Yesterday was one of the worst days I have had in a very long time. Several things went wrong all at once making it pretty overwhelming to keep working and be creative. I still feel sick from it and struggle with the conflict between taking responsibility for my life and beating myself up over circumstance.
What bothers me most is the overwhelming sense of negativity I felt and still feel -- something I haven't experienced in a very, very long time. I have had lots of tough times over the last year but my outlook has always remained genuinely positive. But yesterday I felt angry and resentful that I had to experience difficulty at a time when things should be easy and light. I had fatalist thoughts that despite all my efforts and hard work I will never have the life I want; having already far surpassed what my parents set me up for. I already have way more genuine goodness in my life than I should, but I want more.
These thoughts and feeling seem so immature I wonder if I have really grown at all?

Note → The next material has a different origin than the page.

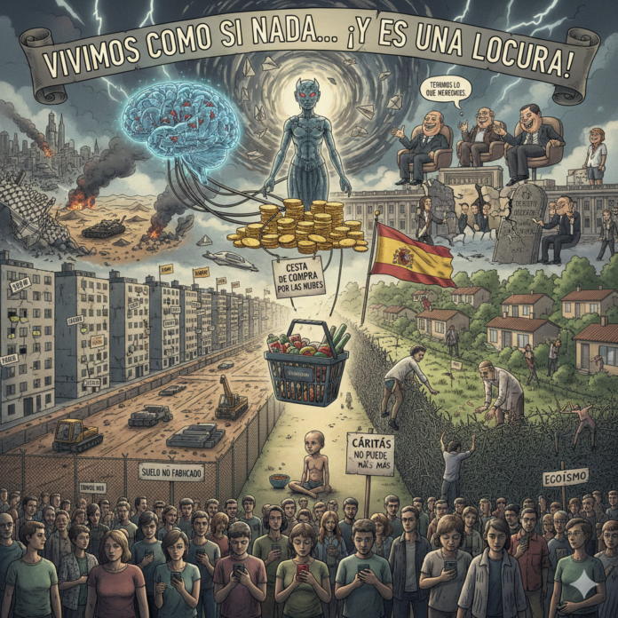 Vivimos y estamos viviendo como si nada y es una locura. Es curioso, hace años y no tantos, la gente se hartaba de manipulaciones y cuando se hartaba, protestaba. Y normalmente era en la calle, ahora parece que está todo el mundo conforme porque se protesta muy poco, pero para mí, no tienen sentido la mayoría de las cosas que se hacen. Estamos en el siglo XXI, en donde, como he dicho otras veces, tenemos un ordenador en la mano y lo sabemos manejar todos, y al mismo tiempo, hay guerras en Ucrania, en Palestina, en Siria y Dios sabe. Cómo es posible, que los seres humanos civilizados que tienen de todo, hasta coches que vuelan y ordenadores que piensan, utilicen la tecnología para matarse unos a otros. Pues, hasta parece que la Inteligencia Artificial no es tan cruel ni miserable como la de altas prestaciones humanas.

But as I write this I can see how ridiculous it sounds. On an intellectual level I know that change is not a linear progression towards perfection or some version of life where there is no struggle or hardship. We move forward and then we fall back a little. Sometimes I fall further back than I'm comfortable with. I always want to do the right thing, and act appropriately and perfectly no matter what -- sometimes at the negation of other real emotions like anger, hurt and pain. I'm just going to stop now and listen to Sam Cooke remind me that there's some sense in here somewhere.